Listed records:

***

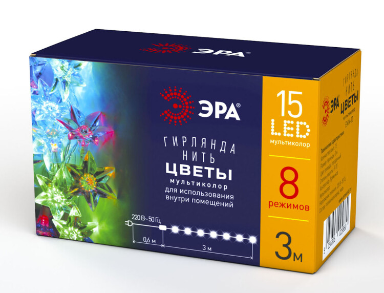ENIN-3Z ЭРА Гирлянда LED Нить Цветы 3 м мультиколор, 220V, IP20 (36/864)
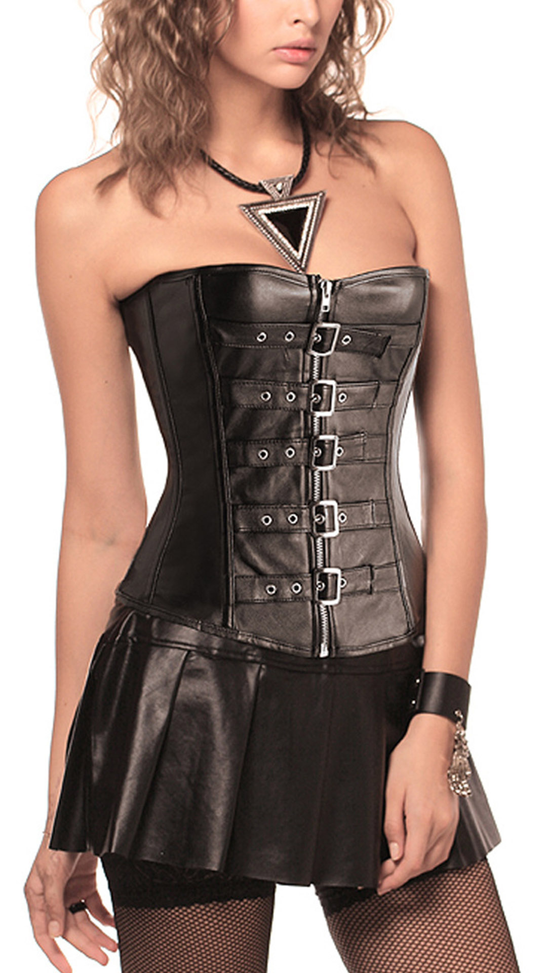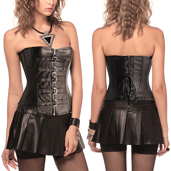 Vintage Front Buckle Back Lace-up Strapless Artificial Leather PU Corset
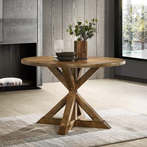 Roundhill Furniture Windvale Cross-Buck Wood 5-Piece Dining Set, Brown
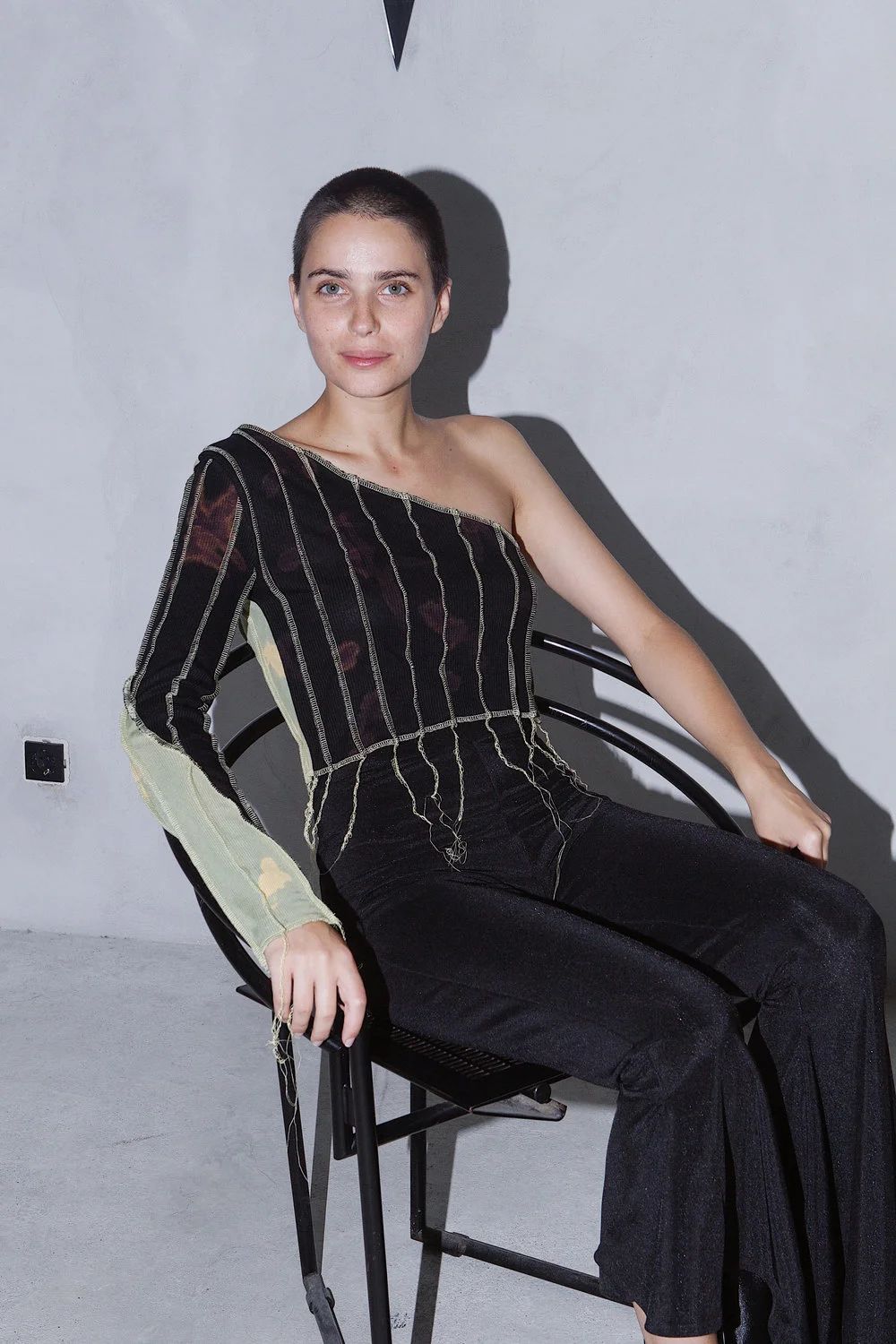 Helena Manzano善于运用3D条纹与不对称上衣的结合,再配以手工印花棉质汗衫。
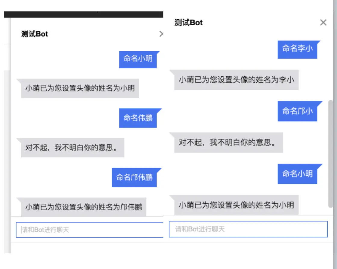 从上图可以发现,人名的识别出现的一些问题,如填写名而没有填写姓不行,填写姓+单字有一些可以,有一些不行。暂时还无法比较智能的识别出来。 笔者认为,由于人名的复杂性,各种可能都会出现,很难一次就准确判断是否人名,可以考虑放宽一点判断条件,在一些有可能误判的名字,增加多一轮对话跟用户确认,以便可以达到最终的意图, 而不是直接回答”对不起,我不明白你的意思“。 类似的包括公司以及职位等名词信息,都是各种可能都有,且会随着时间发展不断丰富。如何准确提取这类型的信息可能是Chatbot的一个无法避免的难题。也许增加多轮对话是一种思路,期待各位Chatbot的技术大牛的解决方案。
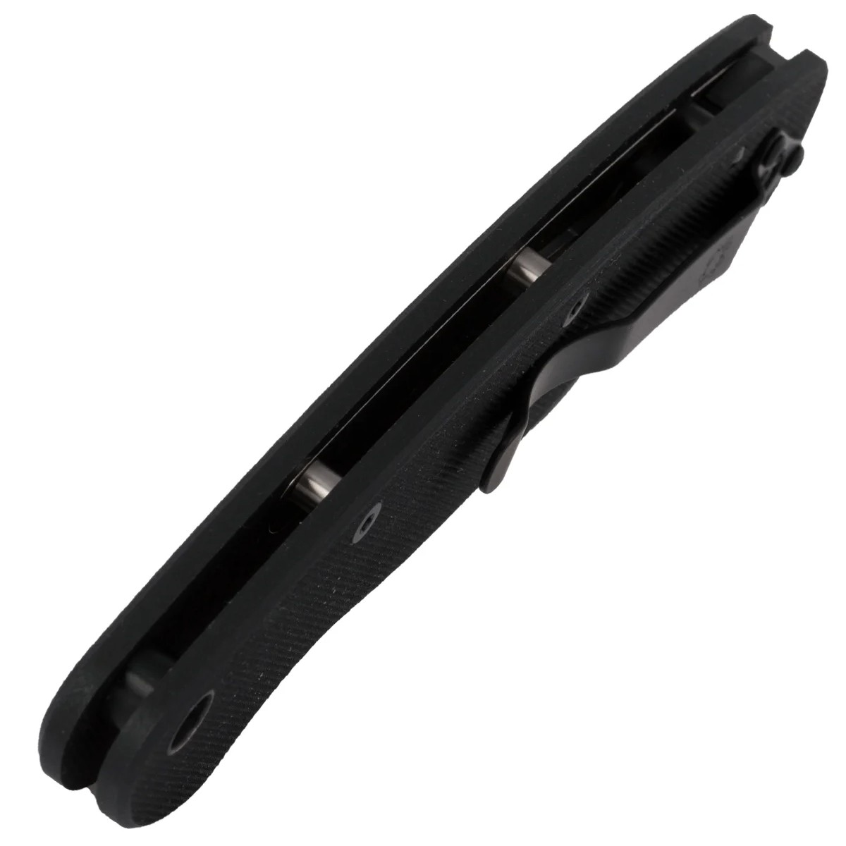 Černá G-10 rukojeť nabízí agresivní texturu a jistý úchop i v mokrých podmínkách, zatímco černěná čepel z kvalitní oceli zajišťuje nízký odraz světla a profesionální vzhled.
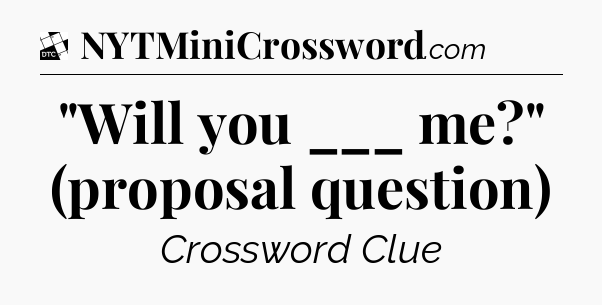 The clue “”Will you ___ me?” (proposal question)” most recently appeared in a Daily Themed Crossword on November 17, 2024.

***

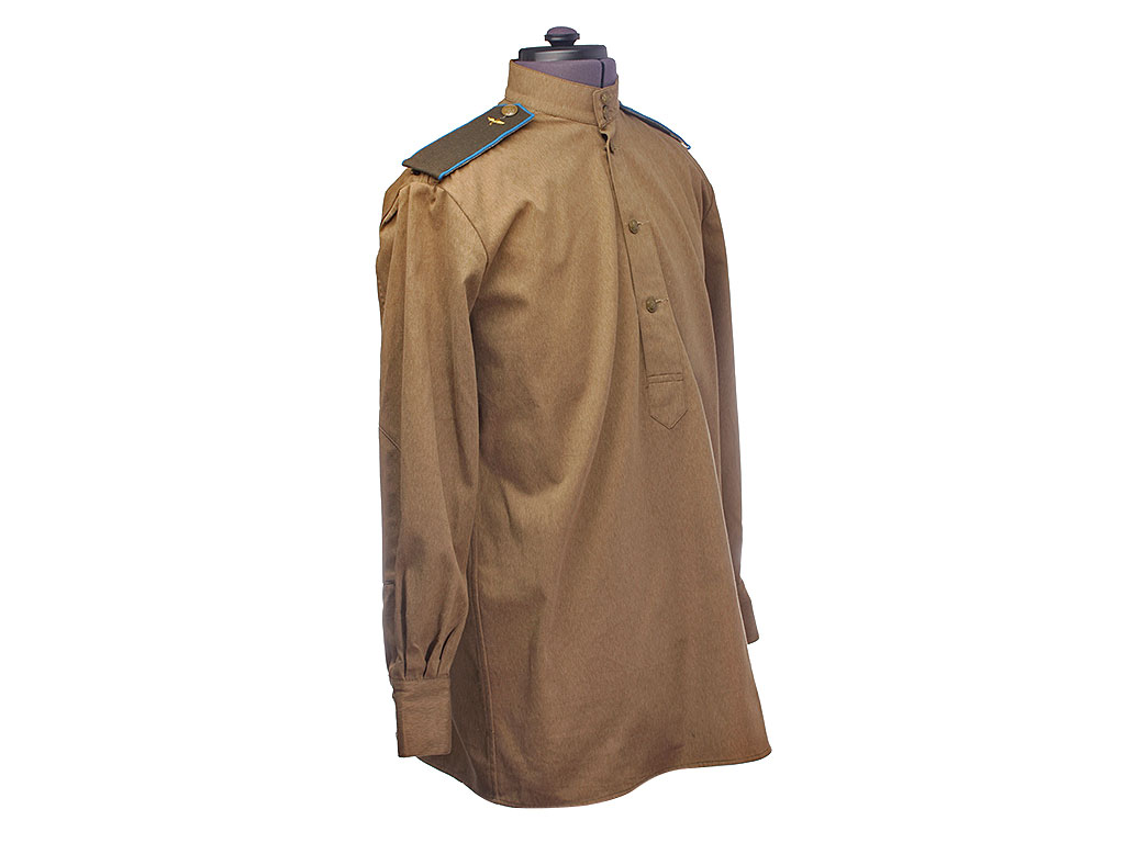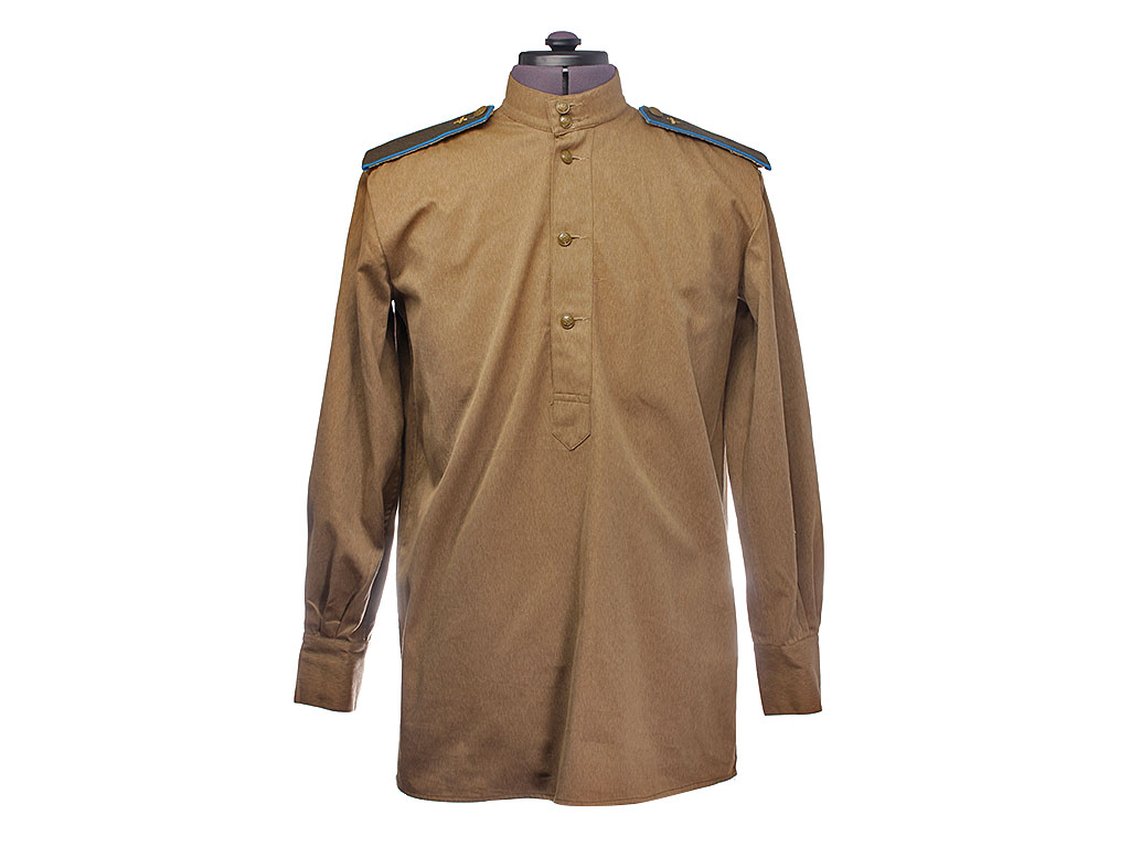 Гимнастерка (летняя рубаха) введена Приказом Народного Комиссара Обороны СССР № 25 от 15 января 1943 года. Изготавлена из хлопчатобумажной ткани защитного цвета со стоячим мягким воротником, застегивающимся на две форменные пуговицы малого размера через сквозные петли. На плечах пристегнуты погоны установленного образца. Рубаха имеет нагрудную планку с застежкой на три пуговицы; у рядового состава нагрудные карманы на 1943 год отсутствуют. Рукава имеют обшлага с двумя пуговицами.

***

The answer is the lines above from the one with "ENIN-3Z ЭРА Гирлянда" to the one with "Helena Manzano", set down exactly, with no pictures.

ENIN-3Z ЭРА Гирлянда LED Нить Цветы 3 м мультиколор, 220V, IP20 (36/864)
 Vintage Front Buckle Back Lace-up Strapless Artificial Leather PU Corset
 Roundhill Furniture Windvale Cross-Buck Wood 5-Piece Dining Set, Brown
 Helena Manzano善于运用3D条纹与不对称上衣的结合,再配以手工印花棉质汗衫。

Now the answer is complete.